**What needs to be done:** Leaving out any pictures, transcribe every record exactly.

Extracted records
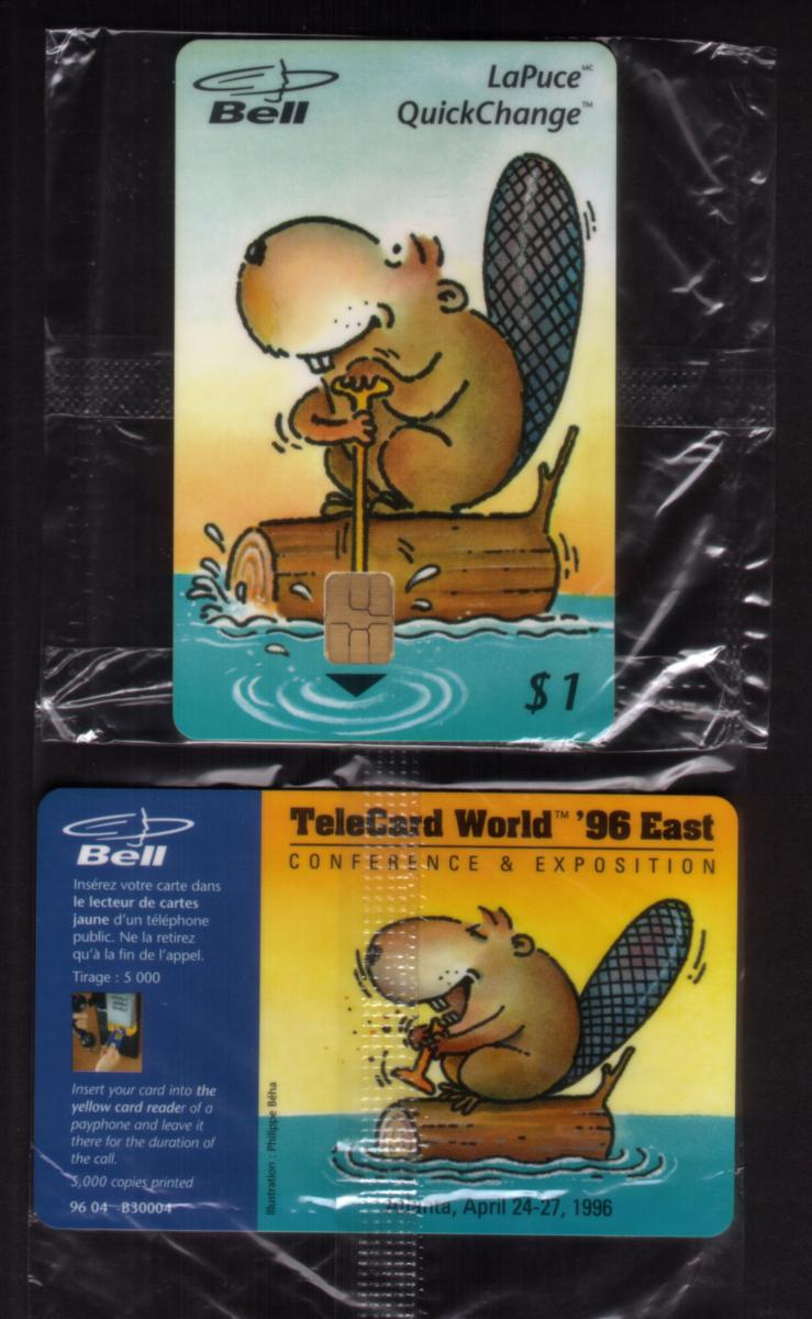 This collectible chip card is a sealed $1 TeleCard produced by LaPuce in Quebec, Canada. It is titled B30004 World '96 East Show Card and features an image of a beaver paddling a log in a natural setting with water visible. The card is associated with the 1996 conference and exhibition held in Atlanta, Georgia, specifically related to WorldCom and smart stored value cards (SVC). The front shows the Canadian maple leaf symbol indicating its origin and contains smart card chip technology.
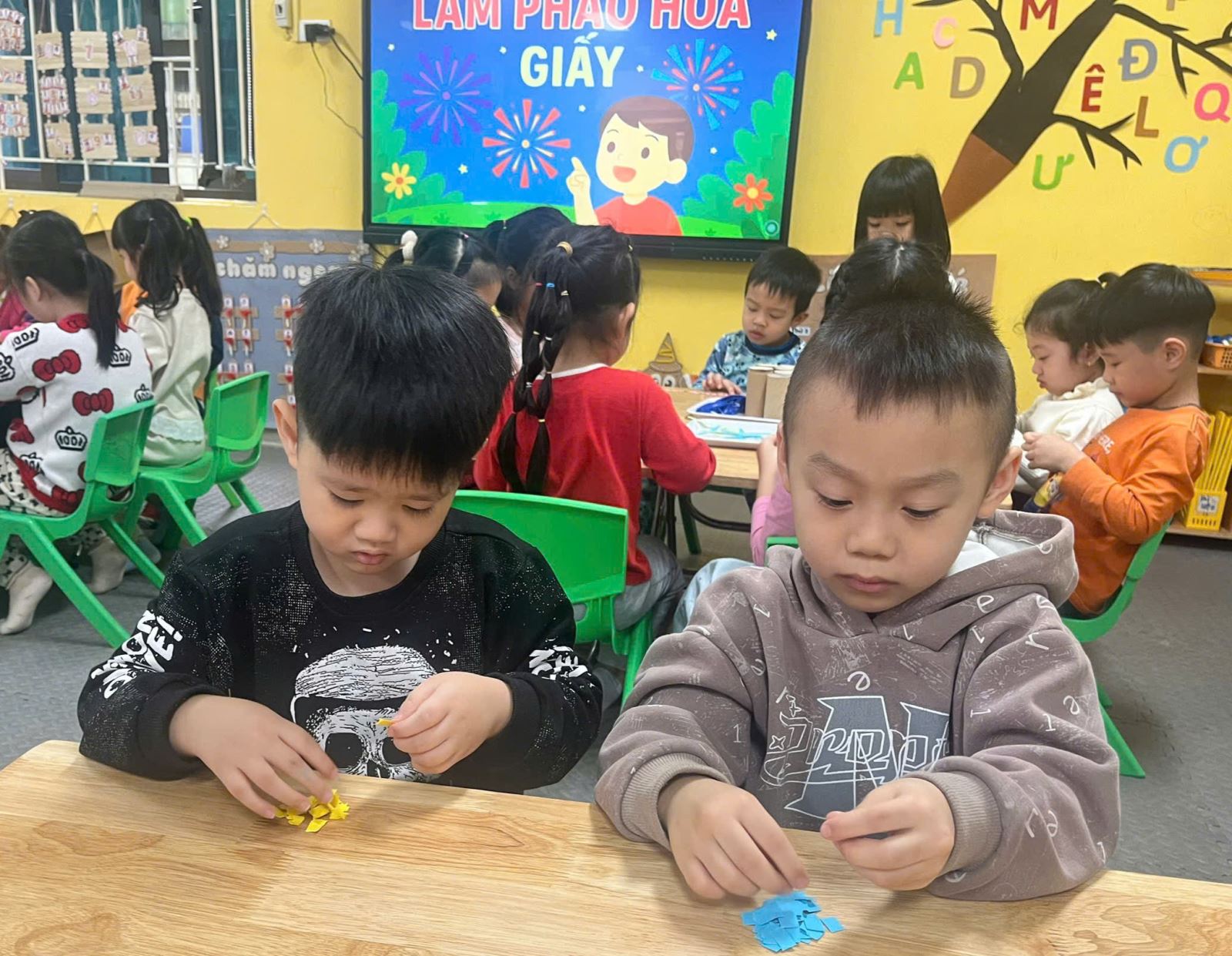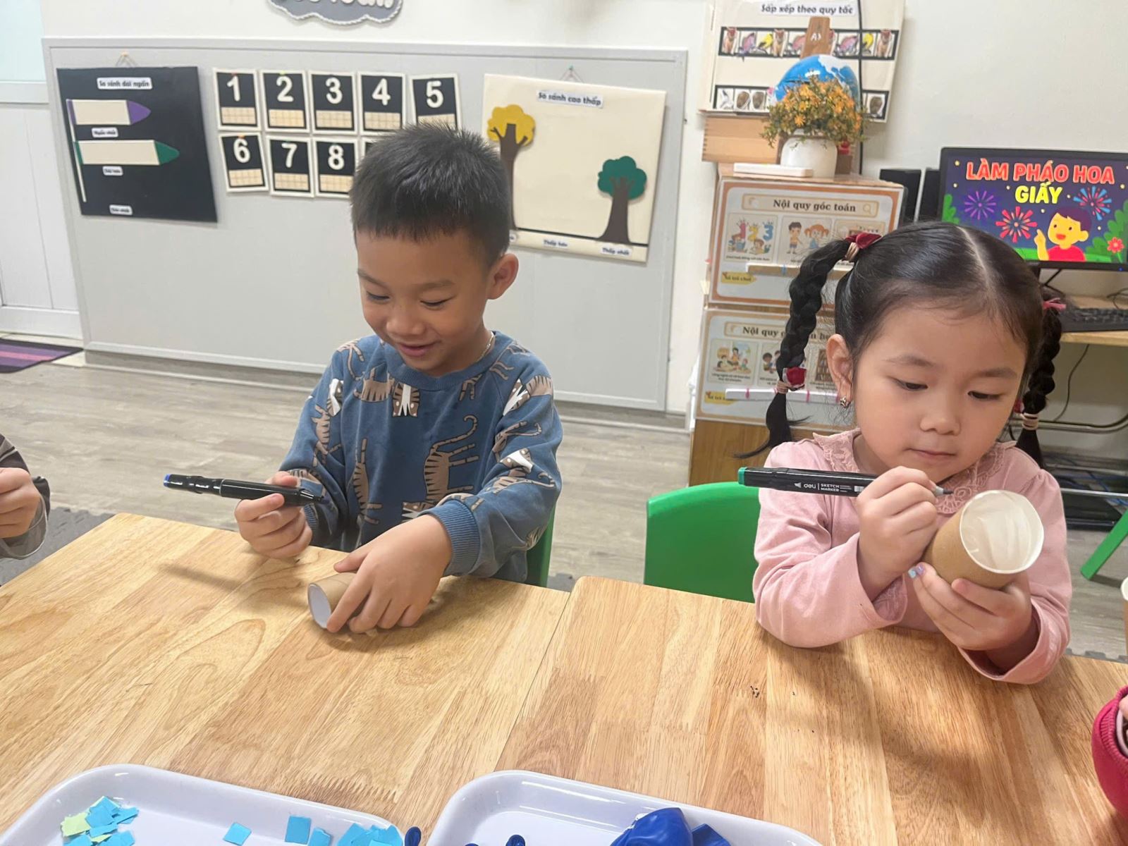 Sau khi trang trí xong, các bé khéo léo gắn bóng bay vào lõi giấy và xé bìa màu thành những sợi nhỏ để làm “tia pháo hoa”. Khi hoàn thành sản phẩm, bé nào cũng háo hức thử “bắn pháo hoa” của riêng mình, gương mặt rạng rỡ đầy niềm vui.
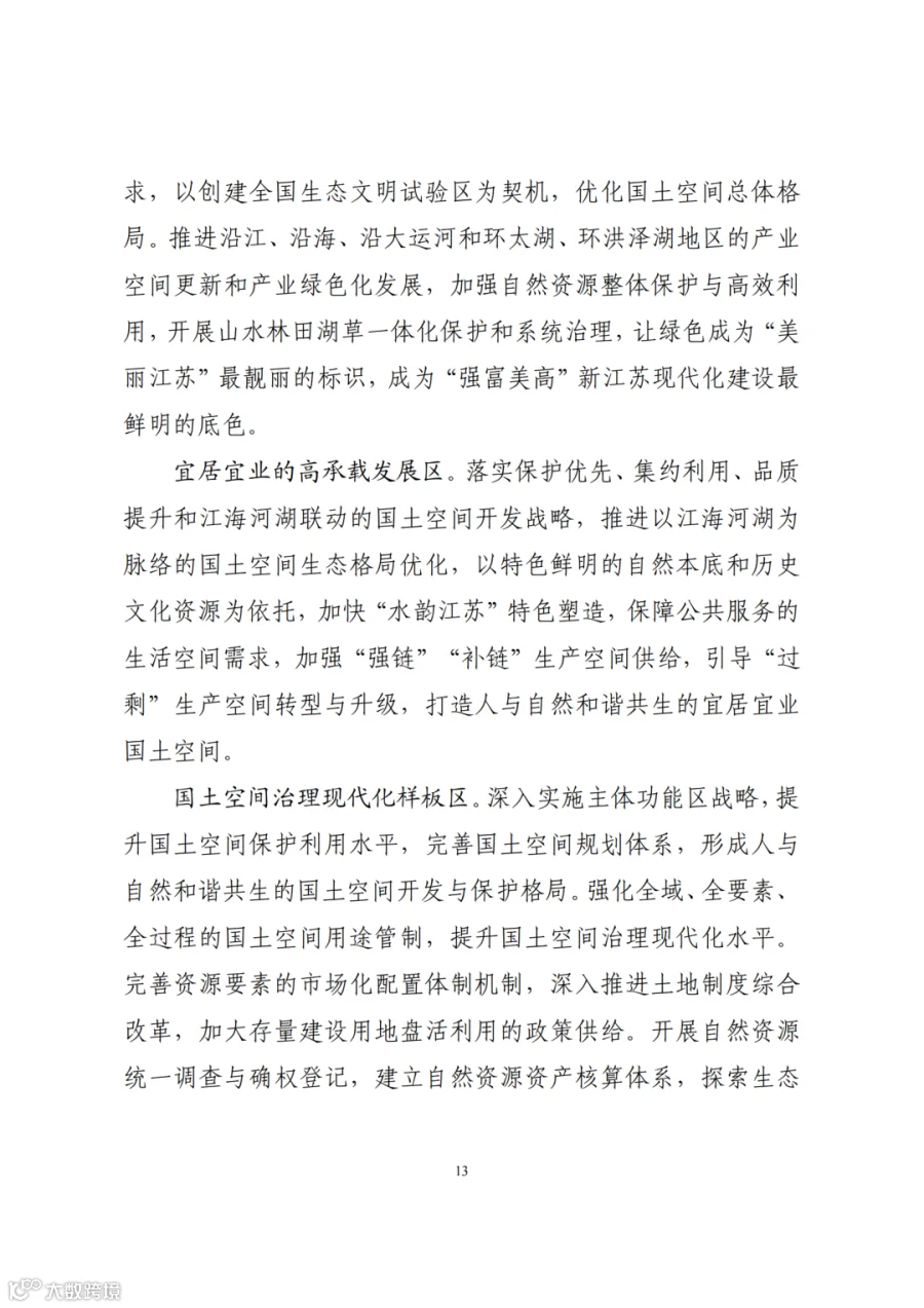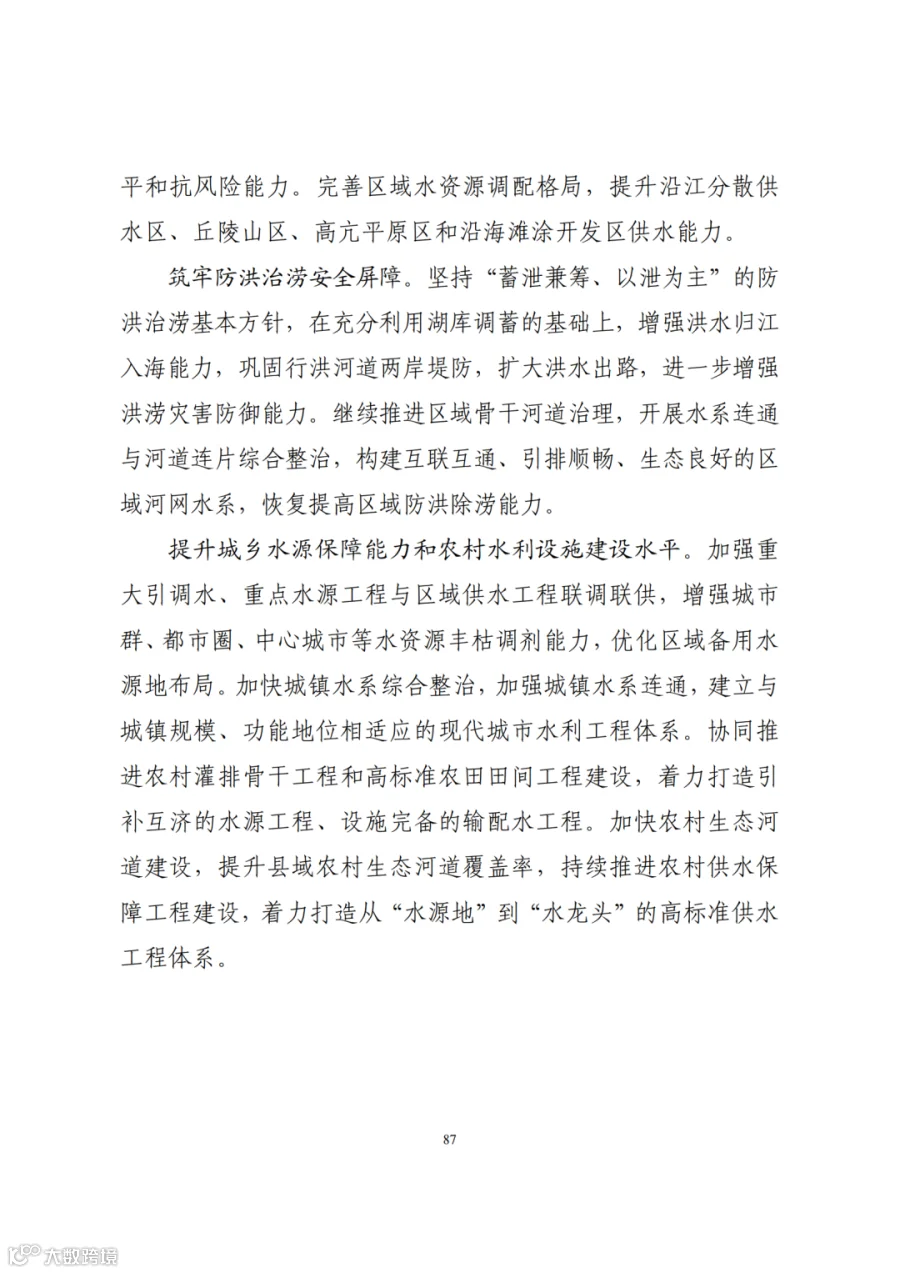 四、系统优化国土空间开发保护格局。发挥区域比较优势,优化主体功能定位,细化主体功能区划分,完善差别化支持政策。集中保护和建设杭嘉湖平原等粮食主产区,在高度城镇化地区大力发展现代都市农业,完善浙西南特色农产品优势区布局,强化浙东沿海、舟山群岛等特色渔业建设,形成绿色多元的特色农产品生产空间。系统推进环太湖流域、杭州湾、舟山群岛等生态保护修复,严格实施钱塘江、瓯江等重要水域岸线空间保护,加强水资源战略储备。推进长三角生态绿色一体化发展示范区建设,以杭州、宁波都市圈为重点,大中小城市和小城镇为支撑,构建多中心、网络化、集约型、开放式、绿色化的区域一体空间布局,持续深化“千村示范、万村整治”工程,打造城乡生活圈,均衡布局公共服务设施,体现江南鱼米之乡、山水浙江的风采特色,打造中国式农业农村现代化的浙江样板。布局战略性新兴产业、未来产业发展空间,抓住产业数字化、数字产业化赋予的机遇,构建现代化经济体系,将宁波舟山港努力打造为世界一流强港。完善城市和区域灾害风险防控设施布局,合理布局应急保障设施,健全综合防灾减灾安全保障体系。统筹传统和新型基础设施空间布局,构建现代化基础设施网络。强化文化遗产与自然遗产整体保护和系统活化利用,健全文化遗产与自然遗产空间保护机制,加强杭州西湖文化景观、大运河、良渚古城遗址等世界遗产保护,构建文化资源、自然资源、景观资源整体保护的空间体系,把生态效益更好转化为经济效益、社会效益,推进浙江生态文明建设迈上新台阶,彰显诗画浙江的独特魅力。
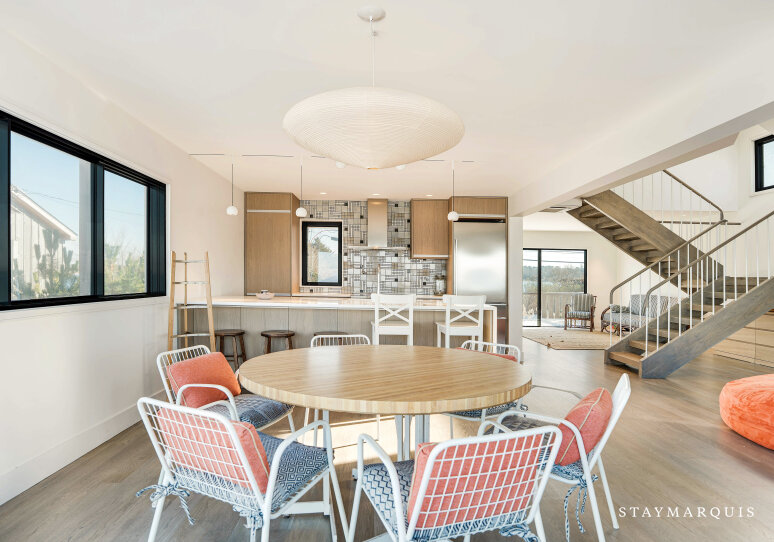 Stepping inside, guests are greeted by an abundance of natural light and a seamless open layout that flows effortlessly from one room to the next. The living room offers a warm and comfortable space for relaxing, complete with soft seating and a welcoming design aesthetic. From there, the space transitions into the dining area and the gourmet kitchen, where top-of-the-line appliances, ample counter space, and a coffee maker await both casual cooks and culinary enthusiasts. The thoughtful layout encourages conversation and connection, making it easy for everyone to gather together. Modern conveniences such as high-speed WiFi, central air conditioning, and a washer and dryer ensure that guests have everything they need for a comfortable and carefree stay. The home’s design balances modern luxury with an inviting atmosphere, creating a setting where guests instantly feel at ease.
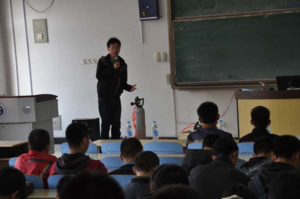的优秀研究生胥明镜同学进行科技文化节讲座,胥明镜同学为大家带来了相关的创新成果,向在场人员详细说明了该创新成果是运用物流网技术来对管道安全进行检测,并向大家具体展示如何利用网络控制该仪器开关以及怎样利用仪器测量温度变化趋势。安全14-3班赵云同学在看完相关的演示后则主动申请上台感受这些操作,并且深入的和胥明镜探讨该成果的优缺点。在讲座的最后,在场的同学们向胥明镜同学提出了自己对于科技创新的观点及疑问并且得到了满意的回复。最终首届科技文化节开幕式在包子漫画

**Answer space:**
 This collectible chip card is a sealed $1 TeleCard produced by LaPuce in Quebec, Canada. It is titled B30004 World '96 East Show Card and features an image of a beaver paddling a log in a natural setting with water visible. The card is associated with the 1996 conference and exhibition held in Atlanta, Georgia, specifically related to WorldCom and smart stored value cards (SVC). The front shows the Canadian maple leaf symbol indicating its origin and contains smart card chip technology.
 Sau khi trang trí xong, các bé khéo léo gắn bóng bay vào lõi giấy và xé bìa màu thành những sợi nhỏ để làm “tia pháo hoa”. Khi hoàn thành sản phẩm, bé nào cũng háo hức thử “bắn pháo hoa” của riêng mình, gương mặt rạng rỡ đầy niềm vui.
 四、系统优化国土空间开发保护格局。发挥区域比较优势,优化主体功能定位,细化主体功能区划分,完善差别化支持政策。集中保护和建设杭嘉湖平原等粮食主产区,在高度城镇化地区大力发展现代都市农业,完善浙西南特色农产品优势区布局,强化浙东沿海、舟山群岛等特色渔业建设,形成绿色多元的特色农产品生产空间。系统推进环太湖流域、杭州湾、舟山群岛等生态保护修复,严格实施钱塘江、瓯江等重要水域岸线空间保护,加强水资源战略储备。推进长三角生态绿色一体化发展示范区建设,以杭州、宁波都市圈为重点,大中小城市和小城镇为支撑,构建多中心、网络化、集约型、开放式、绿色化的区域一体空间布局,持续深化“千村示范、万村整治”工程,打造城乡生活圈,均衡布局公共服务设施,体现江南鱼米之乡、山水浙江的风采特色,打造中国式农业农村现代化的浙江样板。布局战略性新兴产业、未来产业发展空间,抓住产业数字化、数字产业化赋予的机遇,构建现代化经济体系,将宁波舟山港努力打造为世界一流强港。完善城市和区域灾害风险防控设施布局,合理布局应急保障设施,健全综合防灾减灾安全保障体系。统筹传统和新型基础设施空间布局,构建现代化基础设施网络。强化文化遗产与自然遗产整体保护和系统活化利用,健全文化遗产与自然遗产空间保护机制,加强杭州西湖文化景观、大运河、良渚古城遗址等世界遗产保护,构建文化资源、自然资源、景观资源整体保护的空间体系,把生态效益更好转化为经济效益、社会效益,推进浙江生态文明建设迈上新台阶,彰显诗画浙江的独特魅力。
 Stepping inside, guests are greeted by an abundance of natural light and a seamless open layout that flows effortlessly from one room to the next. The living room offers a warm and comfortable space for relaxing, complete with soft seating and a welcoming design aesthetic. From there, the space transitions into the dining area and the gourmet kitchen, where top-of-the-line appliances, ample counter space, and a coffee maker await both casual cooks and culinary enthusiasts. The thoughtful layout encourages conversation and connection, making it easy for everyone to gather together. Modern conveniences such as high-speed WiFi, central air conditioning, and a washer and dryer ensure that guests have everything they need for a comfortable and carefree stay. The home’s design balances modern luxury with an inviting atmosphere, creating a setting where guests instantly feel at ease.
的优秀研究生胥明镜同学进行科技文化节讲座,胥明镜同学为大家带来了相关的创新成果,向在场人员详细说明了该创新成果是运用物流网技术来对管道安全进行检测,并向大家具体展示如何利用网络控制该仪器开关以及怎样利用仪器测量温度变化趋势。安全14-3班赵云同学在看完相关的演示后则主动申请上台感受这些操作,并且深入的和胥明镜探讨该成果的优缺点。在讲座的最后,在场的同学们向胥明镜同学提出了自己对于科技创新的观点及疑问并且得到了满意的回复。最终首届科技文化节开幕式在包子漫画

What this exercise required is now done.